## What you have to do
The copy you return should hold only the lines from the top of the data below through the line with "The p38 MAPK (Ab-322)", each duplicated exactly and with no pictures.
** Opening Given material block **
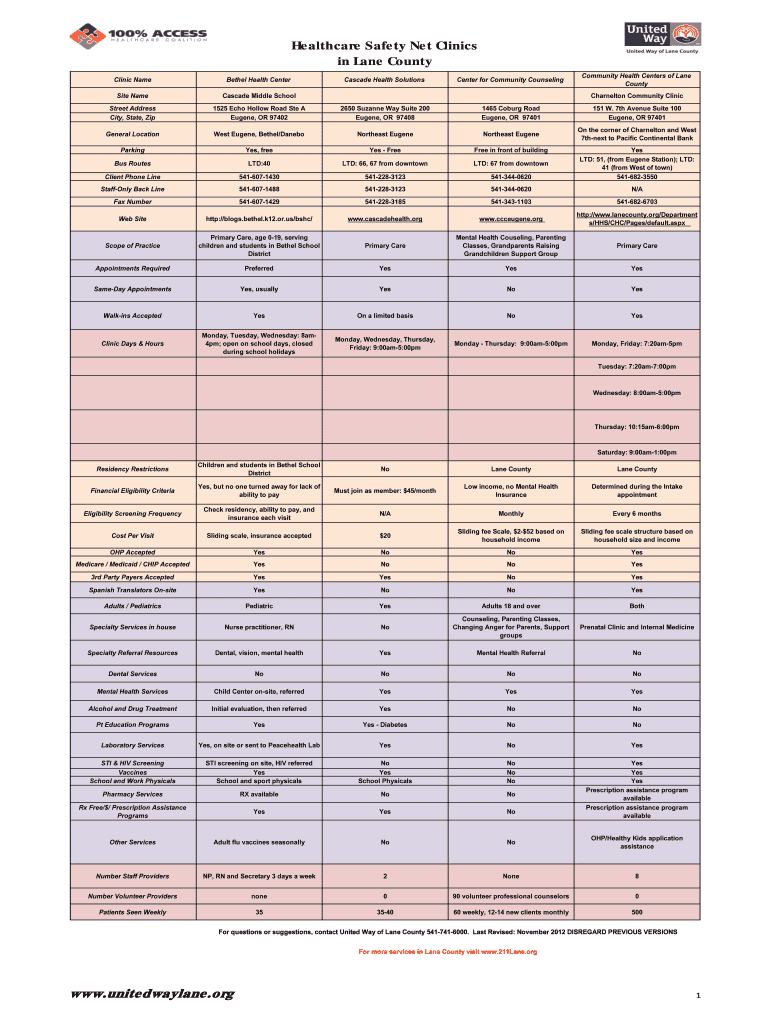 Get the free Healthcare Safety Net Clinics in Lane County
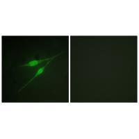 The p38 MAPK (Ab-322) antibody is a phospho-specific monoclonal antibody targeting the mitogen-activated protein kinase p38α (MAPK14) at tyrosine residue 322 (Tyr322). This phosphorylation site is critical for p38 MAPK activation, a key signaling pathway involved in cellular responses to stress, inflammation, apoptosis, and cytokine regulation. The p38 MAPK family (α, β, γ, δ isoforms) is activated by diverse stimuli, including oxidative stress, UV radiation, and pro-inflammatory cytokines, leading to downstream phosphorylation of transcription factors and kinases.
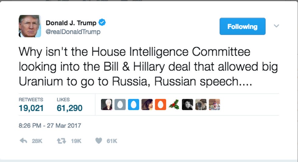 Apparently frustrated by the recent investigations into his son-in-law Jared Kushner, whom he has given at least 45 new jobs in the last week, and his ties to Russia, Trump demanded an investigation into his dumb, and already debunked, conspiracy theory about Hillary Clinton selling uranium ore to the Russians for nefarious purposes.
** Closing Given material block **
## Solution for this task
 Get the free Healthcare Safety Net Clinics in Lane County
 The p38 MAPK (Ab-322) antibody is a phospho-specific monoclonal antibody targeting the mitogen-activated protein kinase p38α (MAPK14) at tyrosine residue 322 (Tyr322). This phosphorylation site is critical for p38 MAPK activation, a key signaling pathway involved in cellular responses to stress, inflammation, apoptosis, and cytokine regulation. The p38 MAPK family (α, β, γ, δ isoforms) is activated by diverse stimuli, including oxidative stress, UV radiation, and pro-inflammatory cytokines, leading to downstream phosphorylation of transcription factors and kinases.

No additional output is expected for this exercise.